**Task to carry out:** Copy out exactly, and only, the lines from the one containing "bene e meglio." through the end of the entries. No pictures.

**Supplied data:**
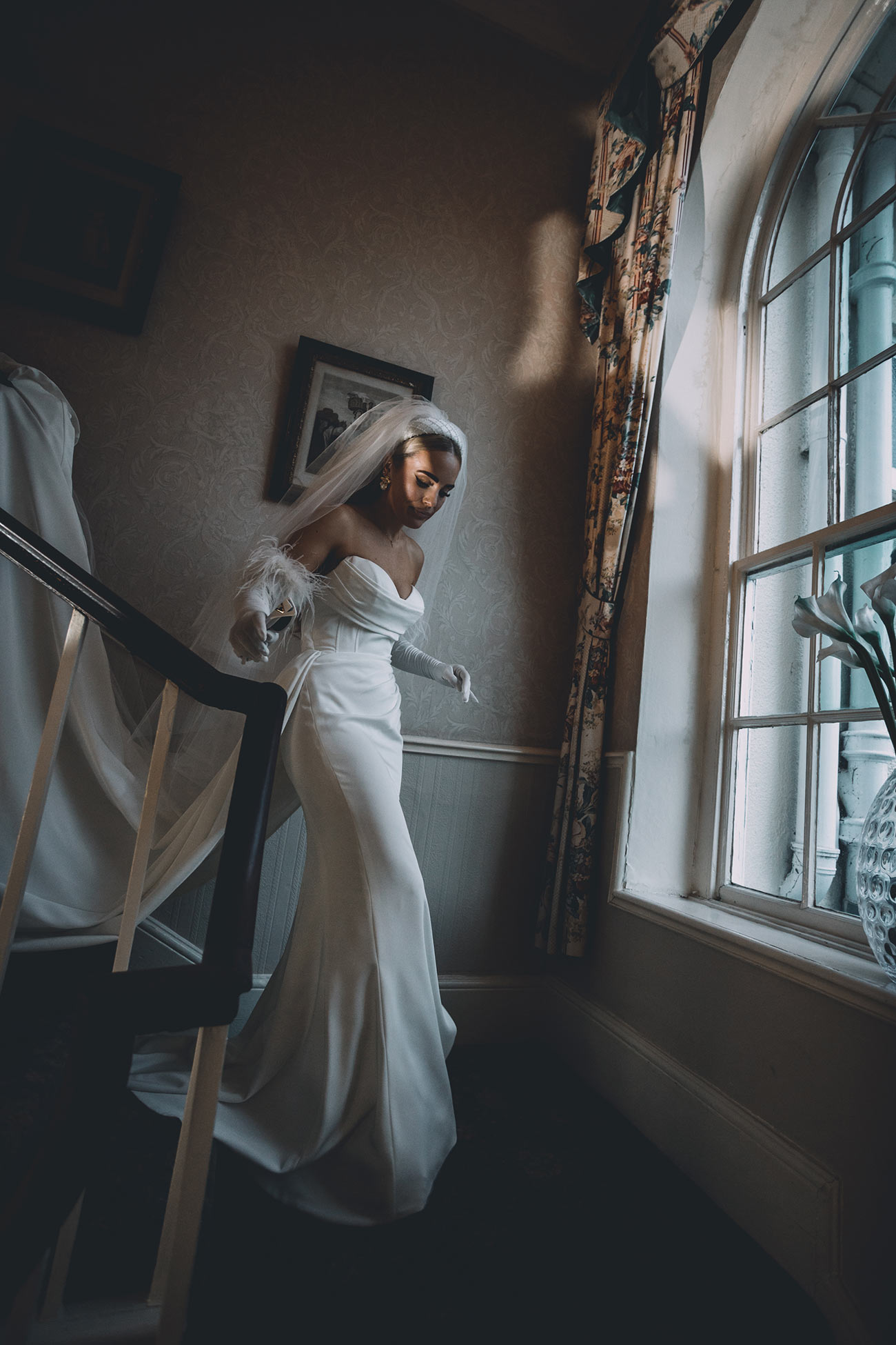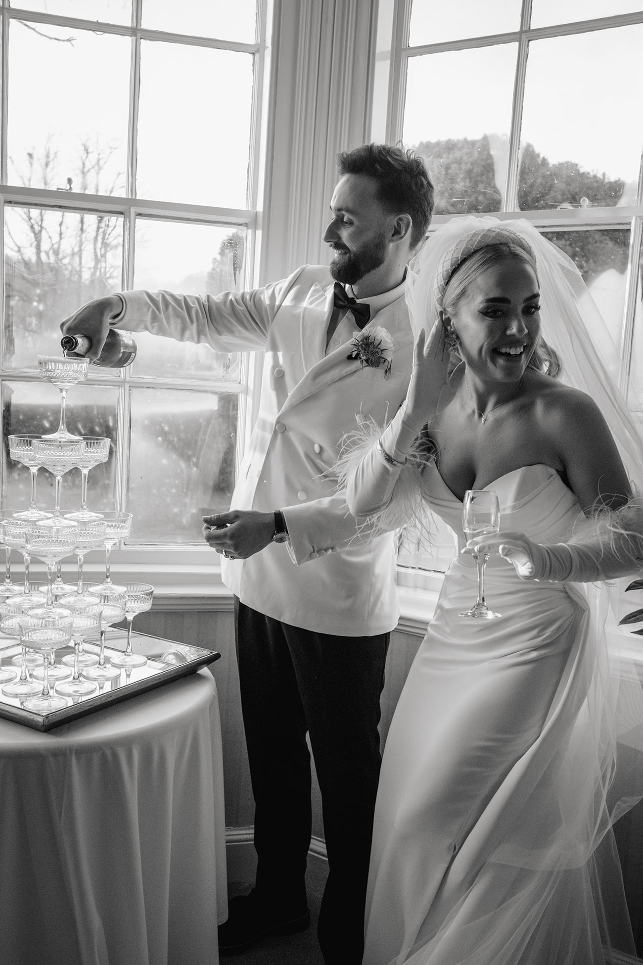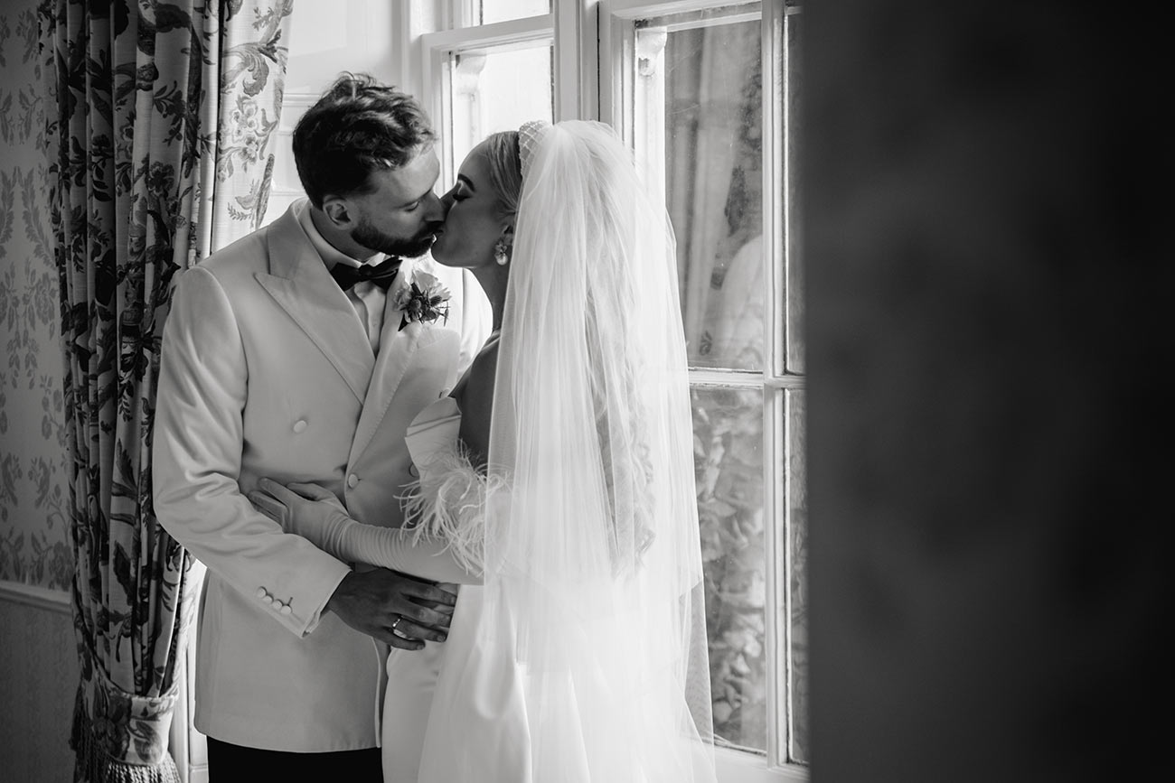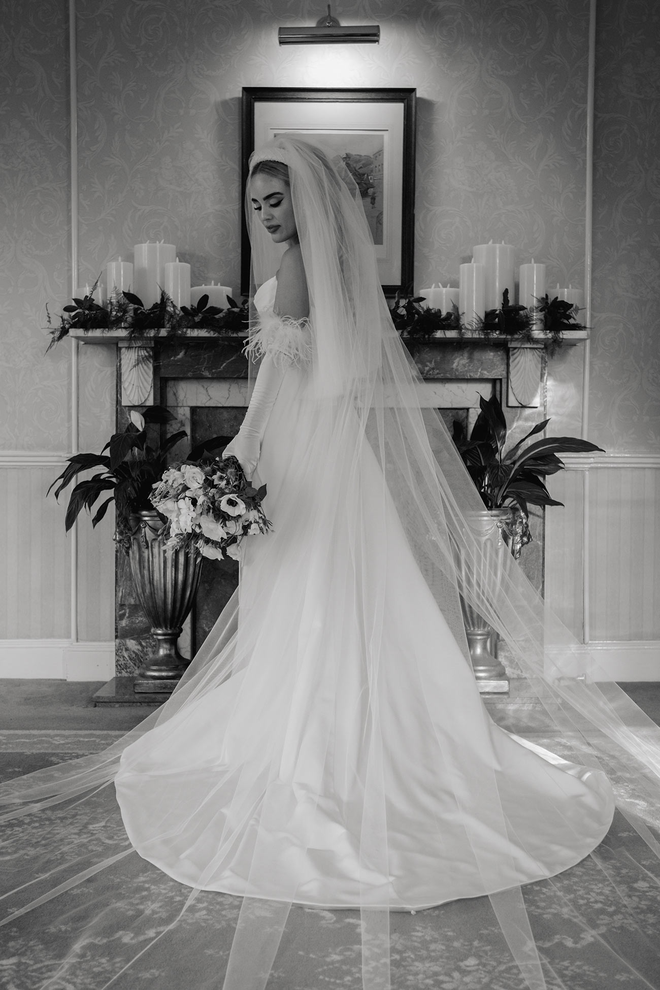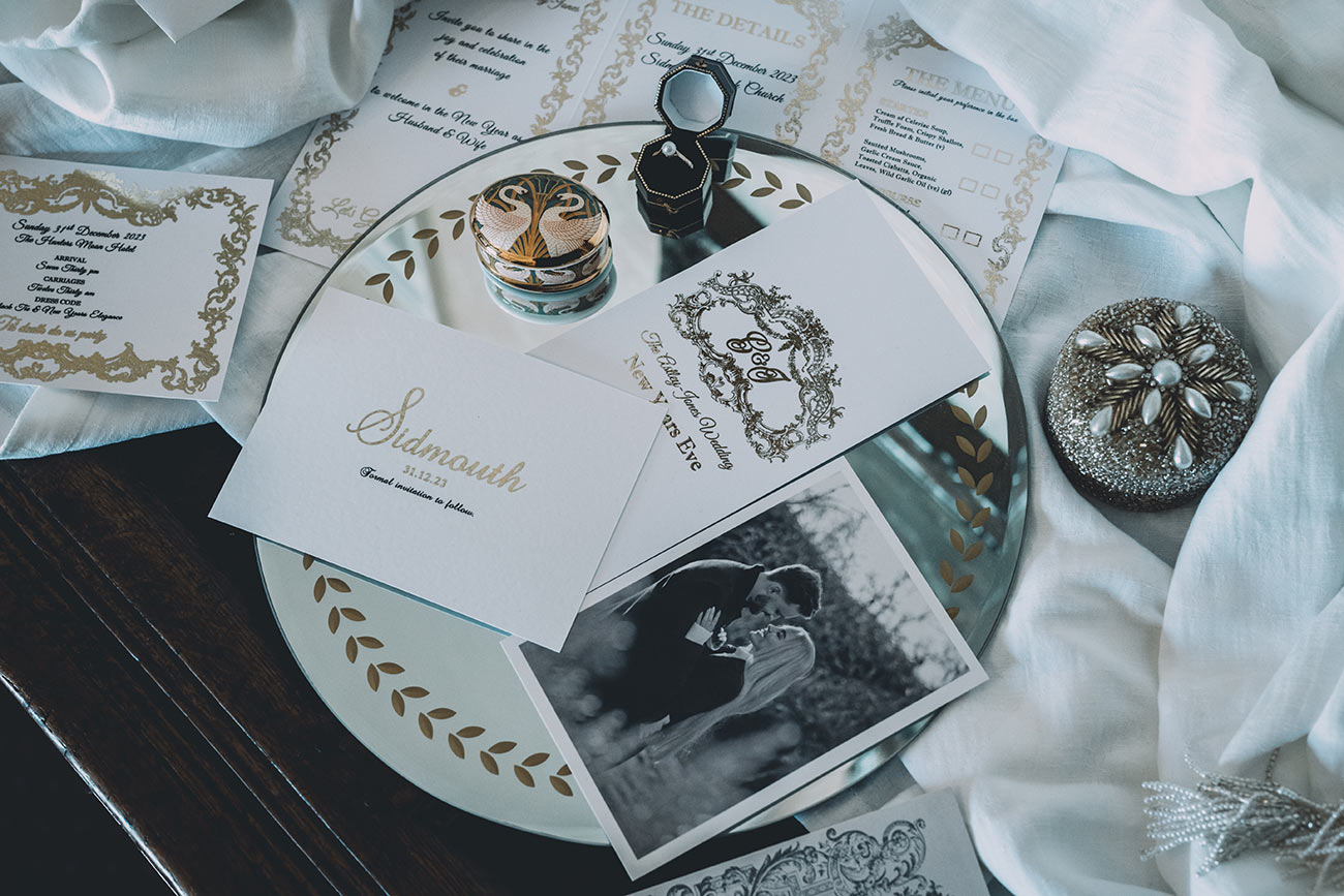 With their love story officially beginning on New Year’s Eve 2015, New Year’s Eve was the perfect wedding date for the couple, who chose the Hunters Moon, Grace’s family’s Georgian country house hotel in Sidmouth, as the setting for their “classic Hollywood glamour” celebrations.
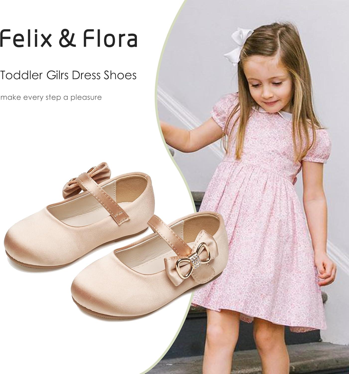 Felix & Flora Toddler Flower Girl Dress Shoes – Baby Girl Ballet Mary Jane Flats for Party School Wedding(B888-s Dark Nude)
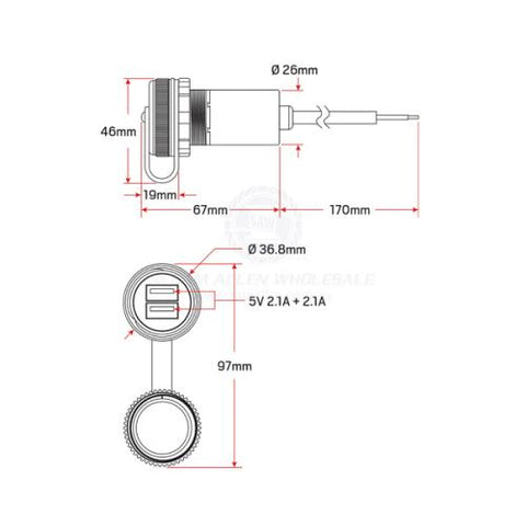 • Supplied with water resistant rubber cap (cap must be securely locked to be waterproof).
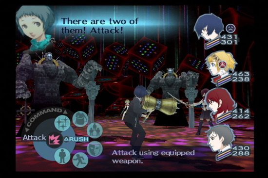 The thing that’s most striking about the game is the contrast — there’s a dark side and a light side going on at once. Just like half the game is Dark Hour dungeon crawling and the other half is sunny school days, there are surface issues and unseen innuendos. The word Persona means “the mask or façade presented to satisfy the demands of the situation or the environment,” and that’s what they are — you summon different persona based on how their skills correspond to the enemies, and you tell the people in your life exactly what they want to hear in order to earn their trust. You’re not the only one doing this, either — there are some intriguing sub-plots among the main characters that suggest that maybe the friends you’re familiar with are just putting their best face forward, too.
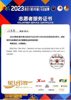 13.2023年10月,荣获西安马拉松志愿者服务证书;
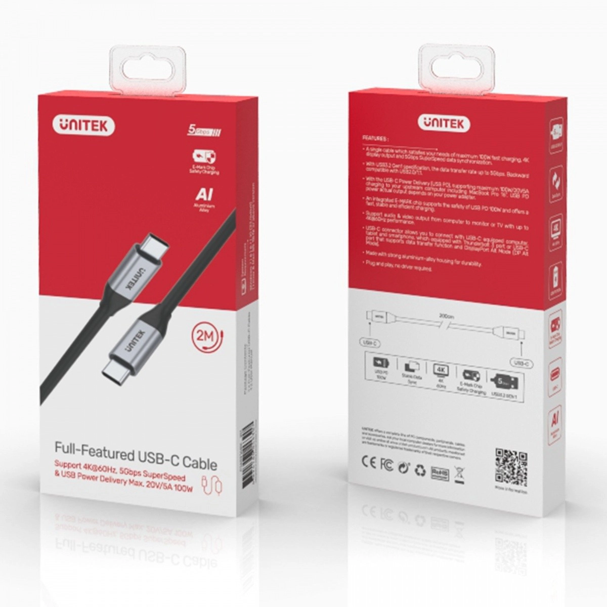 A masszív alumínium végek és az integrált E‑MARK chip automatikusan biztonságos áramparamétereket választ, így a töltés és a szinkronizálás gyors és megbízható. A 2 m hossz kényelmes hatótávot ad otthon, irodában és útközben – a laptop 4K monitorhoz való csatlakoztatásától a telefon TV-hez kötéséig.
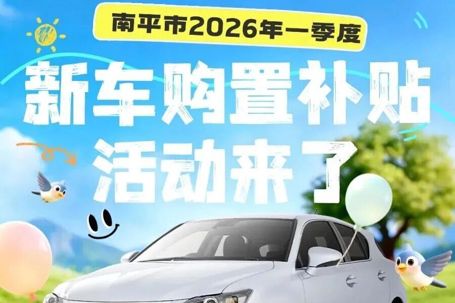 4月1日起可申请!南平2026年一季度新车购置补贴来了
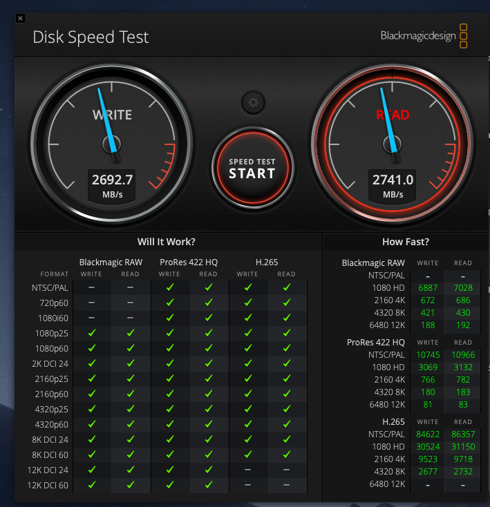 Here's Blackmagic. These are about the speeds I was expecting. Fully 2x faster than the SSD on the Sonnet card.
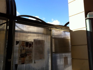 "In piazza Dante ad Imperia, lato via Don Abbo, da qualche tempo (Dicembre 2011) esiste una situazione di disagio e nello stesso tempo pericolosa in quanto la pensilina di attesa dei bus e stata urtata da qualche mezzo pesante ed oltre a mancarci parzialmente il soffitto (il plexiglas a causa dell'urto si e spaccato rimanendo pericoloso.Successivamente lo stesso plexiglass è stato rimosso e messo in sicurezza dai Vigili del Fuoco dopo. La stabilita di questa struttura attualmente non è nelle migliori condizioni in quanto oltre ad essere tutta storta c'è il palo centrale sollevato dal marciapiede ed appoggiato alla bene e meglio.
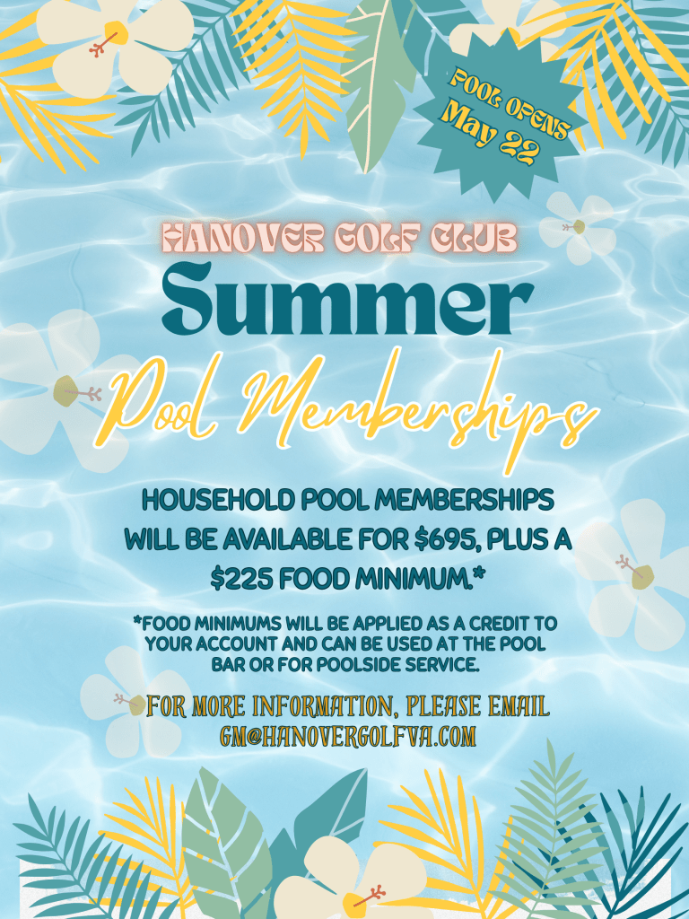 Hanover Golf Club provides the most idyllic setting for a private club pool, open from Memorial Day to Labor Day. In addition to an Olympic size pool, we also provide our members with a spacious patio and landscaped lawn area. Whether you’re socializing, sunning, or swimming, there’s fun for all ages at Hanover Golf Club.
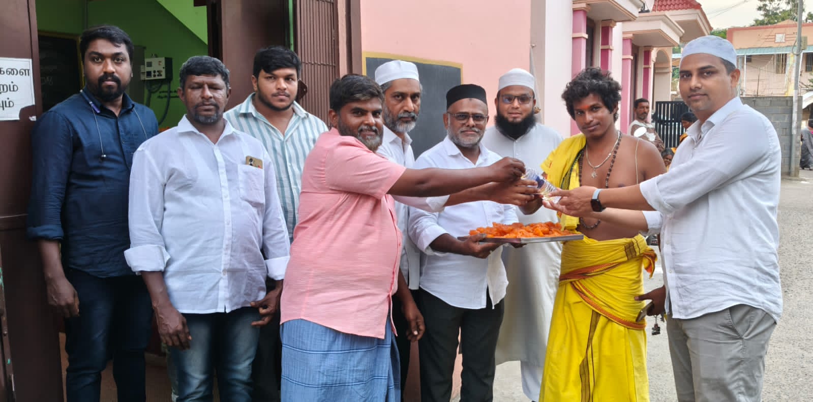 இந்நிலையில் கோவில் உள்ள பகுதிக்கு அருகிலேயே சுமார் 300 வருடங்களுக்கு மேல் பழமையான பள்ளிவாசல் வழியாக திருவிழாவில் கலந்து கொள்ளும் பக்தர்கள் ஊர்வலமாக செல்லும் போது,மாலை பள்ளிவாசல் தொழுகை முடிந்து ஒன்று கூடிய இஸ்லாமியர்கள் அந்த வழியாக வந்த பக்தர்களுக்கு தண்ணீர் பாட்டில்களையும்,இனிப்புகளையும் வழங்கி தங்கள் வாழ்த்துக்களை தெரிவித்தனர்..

**Final answer:**
 "In piazza Dante ad Imperia, lato via Don Abbo, da qualche tempo (Dicembre 2011) esiste una situazione di disagio e nello stesso tempo pericolosa in quanto la pensilina di attesa dei bus e stata urtata da qualche mezzo pesante ed oltre a mancarci parzialmente il soffitto (il plexiglas a causa dell'urto si e spaccato rimanendo pericoloso.Successivamente lo stesso plexiglass è stato rimosso e messo in sicurezza dai Vigili del Fuoco dopo. La stabilita di questa struttura attualmente non è nelle migliori condizioni in quanto oltre ad essere tutta storta c'è il palo centrale sollevato dal marciapiede ed appoggiato alla bene e meglio.
 Hanover Golf Club provides the most idyllic setting for a private club pool, open from Memorial Day to Labor Day. In addition to an Olympic size pool, we also provide our members with a spacious patio and landscaped lawn area. Whether you’re socializing, sunning, or swimming, there’s fun for all ages at Hanover Golf Club.
 இந்நிலையில் கோவில் உள்ள பகுதிக்கு அருகிலேயே சுமார் 300 வருடங்களுக்கு மேல் பழமையான பள்ளிவாசல் வழியாக திருவிழாவில் கலந்து கொள்ளும் பக்தர்கள் ஊர்வலமாக செல்லும் போது,மாலை பள்ளிவாசல் தொழுகை முடிந்து ஒன்று கூடிய இஸ்லாமியர்கள் அந்த வழியாக வந்த பக்தர்களுக்கு தண்ணீர் பாட்டில்களையும்,இனிப்புகளையும் வழங்கி தங்கள் வாழ்த்துக்களை தெரிவித்தனர்..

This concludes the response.